Arnold and his team performed a multicenter, controlled cohort study of 278 patients from 12 centers who displayed clinically symptomatic cervical spondylotic myelopathy. Arnold reported that 42 of these patients (15%) had diabetes.

Using outcome measures including a modified Japanese Orthopedic Association score (mJOA), Nurick Score, SF36v2 and the Neck Disability Index, Arnold and colleagues ran a comparison between patients with diabetes and those who did not have the condition.

 Paul M. Arnold, MD
Paul M. Arnold

The investigators noted that patients with diabetes were older, less likely to smoke and more likely to be on social security. They also presented with a higher Nurick Grade than those without diabetes (4.4 versus 4.1). However, Nurick said that the investigators found no differences between the groups for preoperative mJOA and SF36v2 scores.

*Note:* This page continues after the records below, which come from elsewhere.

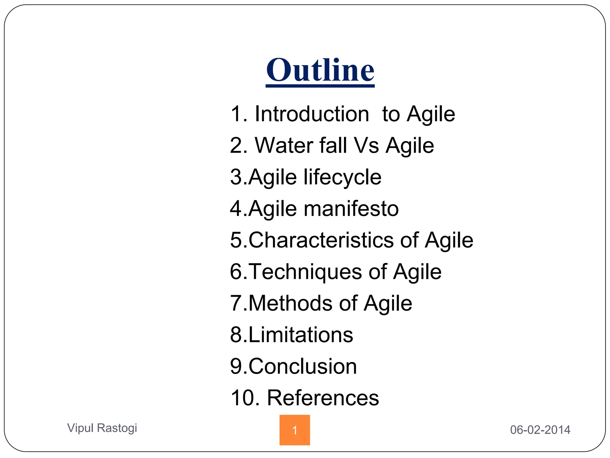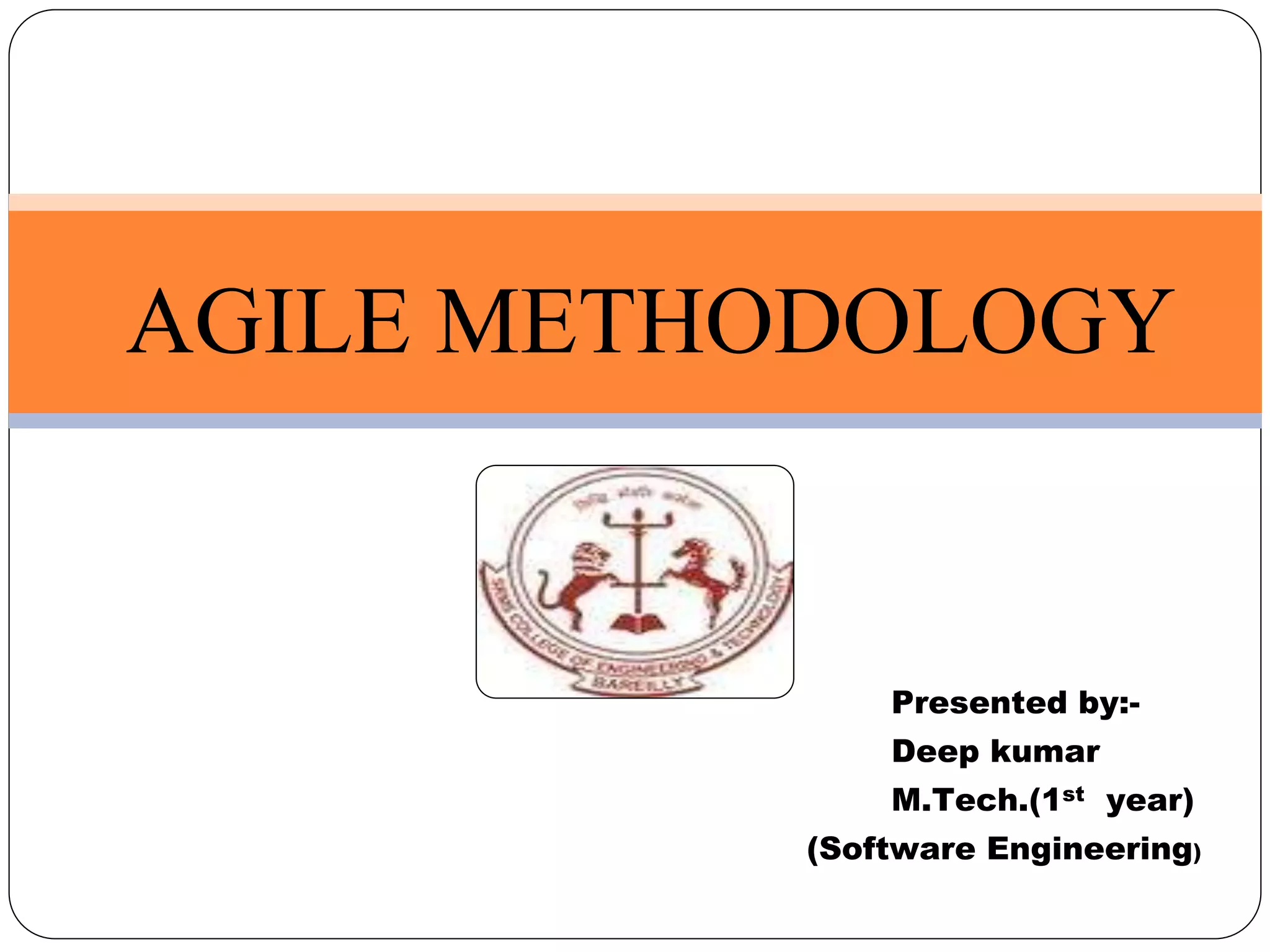 The document presents an overview of the Agile methodology. It defines Agile as an iterative and incremental approach that is highly collaborative. The key aspects of Agile that are covered include the Agile manifesto, principles and values, characteristics, techniques and methods such as scrum and extreme programming. Limitations of Agile and the benefits of its flexibility and ability to adapt to changing requirements are also discussed. In conclusion, Agile provides a more adaptive approach to software development.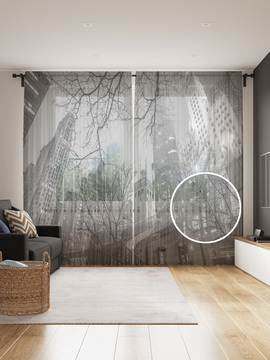 Комплектация: два полотна 145х265 см., крючки – 50 шт. Материал: фатин (сетчатое полотно). Плотность: 54 гр/кв.м. Тюль с фотопечатью способен преобразить и украсить интерьер вашего дома. Изделие изготовлено из прочных волокон 100% полиэстера, отлично держит форму, легко гладится, не дает усадки и не растягивается при длительной эксплуатации. Тюль уже готов к использованию, возможно крепление на трубу или крючки, идущие в комплекте в количестве 50 шт. Благодаря широкому ассортименту фотопринтов, вы легко сможете подобрать тюль для кухни, спальни, детской комнаты или гостиной. Обращаем внимание, что из-за особенностей производства яркость рисунка может отличаться от изображения на сайте. Допустимо отклонение в размерах полотна в пределах 5 см.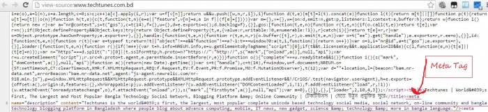 মেটা ট্যাগ: আপনি গুগলে যেকোন কিছু লিখে সার্চ দিলে দেখতে পাবেন প্রতিটি সার্চ রেজাল্টের নিচে ২-৩ লাইনে কিছু কথা বার্তা লেখা থাকে। এই কথা বার্তা গুলা গুগল পাইল কই? আপনি কি ভাবছেন গুগল নিজেই এগুলা লিখে দিছে? না ভাই, গুগলের এত টাইম নাই! এগুলা ঐসব ওয়েবসাইটের HTML কোডের মধ্যে Meta Tag এর মাধ্যমে লেখা আছে। গুগল জাস্ট ঐ লেখাগুলাকেই আপনার সামনে প্রদর্শন করতেছে! নিচের ছবি দুইটা দেখলে আরো ক্লিয়ার কাট আইডিয়া পাবেন:

Ultimately, Arnold noted, that patients with diabetes exhibited improvement just as significant as those without diabetes during a span of 12 months. Adjusting for numerous baseline characteristics, he added, did not affect the stability of the findings.

Reference:
  • Kopjar B, Arnold P, Fehlings M, et al. Impact of diabetes on symptoms and treatment outcomes in patients with cervical spondylotic myelopathy: The results of the AOSPine North America multicenter prospective study. Paper #129. Presented at the 2011 Annual Meeting of the North America Spine Society. Nov. 2-5. Chicago.
  • Disclosure: Arnold has a private investment in Z-plasty. He is also a consultant for Stryker Spine, Theken Spine, Fziomed, K2M, Medtronic, AOSpine North America and ApaTech. He is on the Board of Directors for AOSpine North America.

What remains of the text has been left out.